Canada retains a government department charged with maintaining federal buildings and services, unlike the UK which abolished the Property Services Agency under the Thatcher government in 1990, and also transferred to parliament the responsibility for parliamentary maintenance. In Canada, the Senate, the House of Commons, and the Library of Parliament (a joint department) are essentially ‘occupants’ in Crown-owned buildings. The Minister of Public Works and Government Services Canada (PWGSC) is the official custodian of the parliament buildings and grounds.

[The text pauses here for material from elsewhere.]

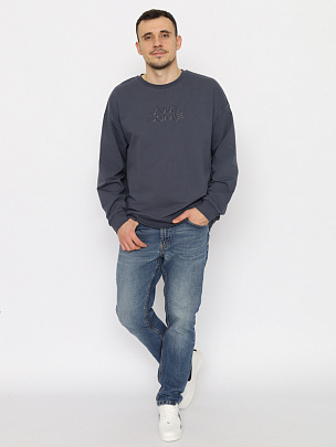 Джемпер мужской прямого силуэта с притачным поясом, рукава с манжетами, со спущенным плечом. Круглая горловина обработана узкой притачной обтачкой из рибаны с эластаном. Полочка декорирована принтом.

In 1999 the Canadian parliamentary service developed Building the Future: House of Commons Requirements for the Parliamentary Precinct, which has a useful history of the piecemeal development of the parliamentary estate and the arguments for a comprehensive approach.

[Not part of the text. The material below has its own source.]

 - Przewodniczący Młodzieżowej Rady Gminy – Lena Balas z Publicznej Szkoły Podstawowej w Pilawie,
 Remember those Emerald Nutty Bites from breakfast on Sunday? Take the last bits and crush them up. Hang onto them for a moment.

A major component of the LTVP update in 2007 was the creation of a new implementation framework designed to improve results and enhance accountability. This framework establishes shorter term objectives in the context of the longer term vision. Rather than following the contracting route that has typically been employed by the Parliamentary Precinct Branch of the PWGSC, a construction management process was adopted, allowing contractors and architects to work together. Nevertheless, in 2010 the Auditor General was critical of fragmented accountability and decision making in a review of progress so far. Meanwhile, there were parliamentary concerns about inappropriate lobbying in respect of a contract for the West Block that same year. No major governance changes have been made in response. Oversight of the project is provided for in the parliamentary administration strategic plans, working with PWGSC but there is no equivalent to the planned UK sponsor board.

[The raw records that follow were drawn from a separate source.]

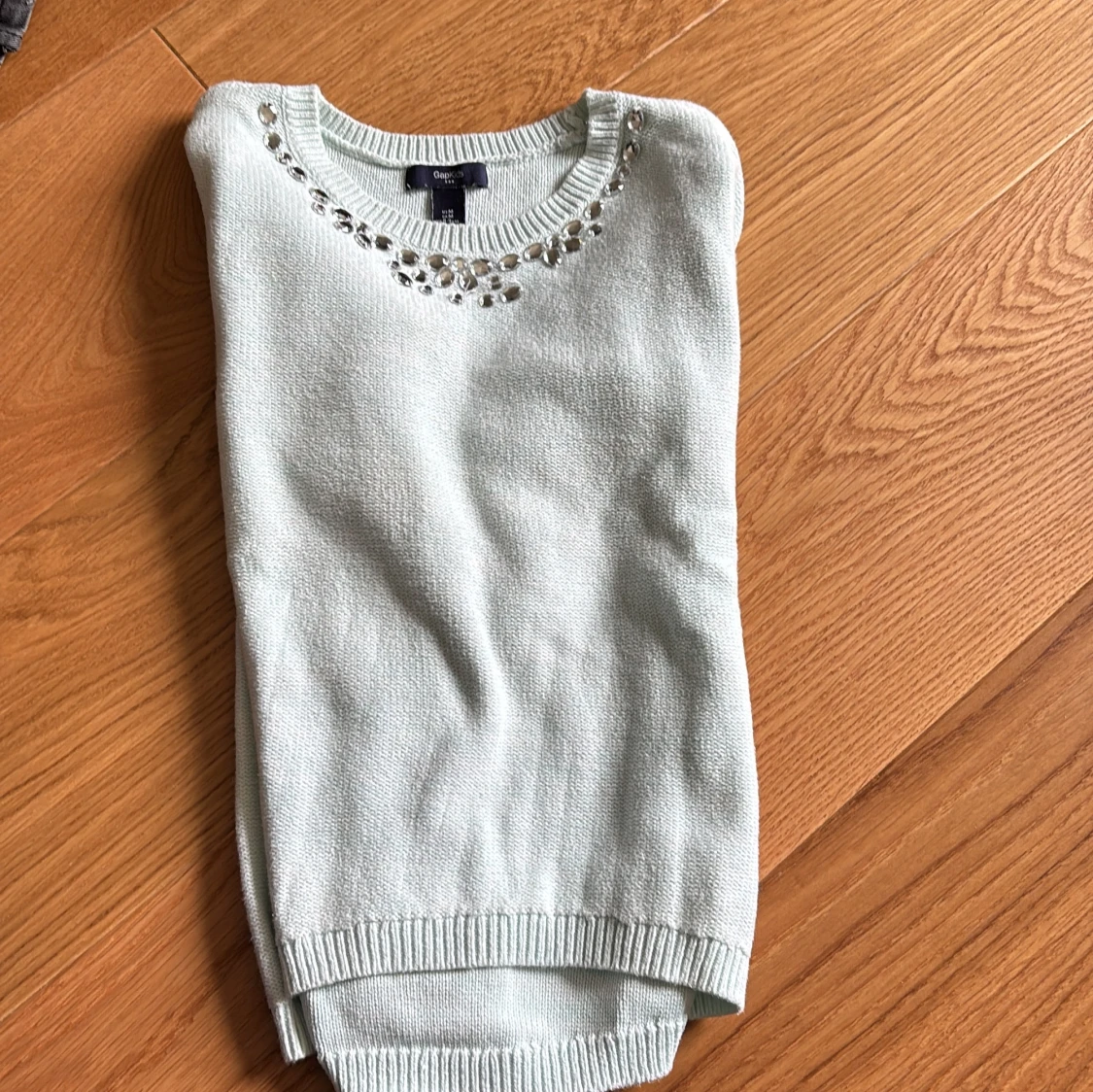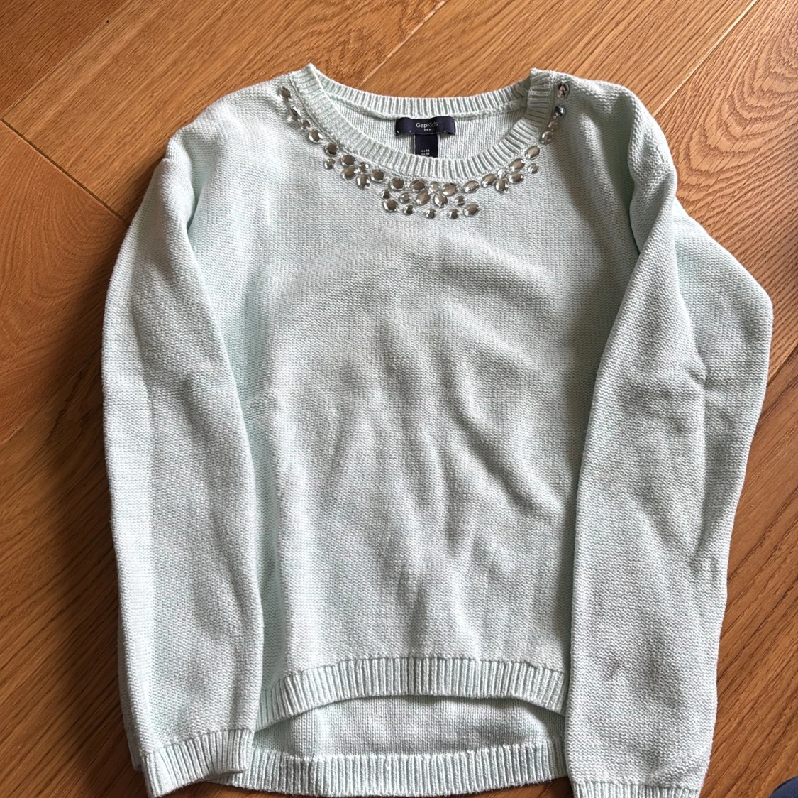 Ljusblå stickad tröja med pärldetaljer
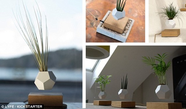 Մագնիսական լևիտացիայի շնորհիվ օդում «ճախրող» ծաղկամանը գտնվում է ընկուզենու փայտից պատրաստված տախտակի վերևում:
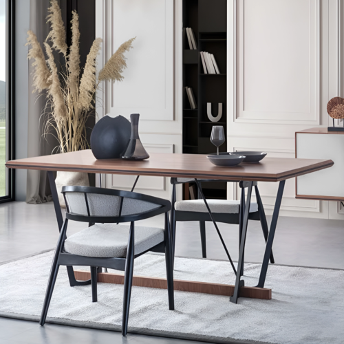 Dësen Dësch ass ideal fir grouss Familljen oder fir déi, déi gäre vill Leit bei sech empfänken. Mat sengem geräimegen Design bitt en Plaz fir méi Stullrondemär an erlaabt et Iech, behaglech Iessen a Gesellschaft ze genéissen. Dank sengem massiven Holzmaterial ass de Dësch stabil an kann einfach déi alldeeglech Notzung bei klenge wéi groussen Evenementer widderstoen. Iech gëtt och d'Fräiheet, den Dësch mat verschiddenen Accessoiren ze dekoréieren, fir Är perséinlech Note eriwwerzebréngen an d'Atmosphär ze verbesseren. De 'Iesszëmmerdësch Holzdësch' ass also net nëmmen en funktionellen Mëttelpunkt fir Iessen, mee och en esthetescht Stéck, dat Äert Heem verschéinere wäert.

The Long Term Vision and Plan Annual Report 2014-15 emphasises that the projects are within budget and on target. It currently runs at £1.6billion in UK prices. However, critics argue that the budget was for 20 years and set at an inflated amount.
In the UK, responsibility for refurbishment and decants is within the parliamentary administration. A major factor behind the transfer of this responsibility to the UK parliament was the abolition of the Property Service Agency in 1990. The Restoration and Renewal Programme recognises the scale of the renovation required for parliament is of a completely different order to ordinary maintenance and upgrade work. So the joint committee recommends a separate delivery authority for which legislation will be required, to be supervised by a sponsor board with representation from parliament, government and wider society. However, controversy on the detail of both the temporary and permanent changes at Westminster is unlikely to be avoided, if the Canadian experience is anything to go by.
About the author
Oonagh Gay is a former official at the House of Commons Library, responsible for the Parliament and Constitution Centre. She is an Honorary Fellow at the Constitution Unit.
Aim A: To deliver value for money for the taxpayer;
are we quite sure renovation is the best option? Any thoughts of selling it off to developers? Commercial sponsorship? While building modern Houses of Parliament?
In any case, which taxpayer are we talking about? Shouldn’t it be English pounds for English palaces?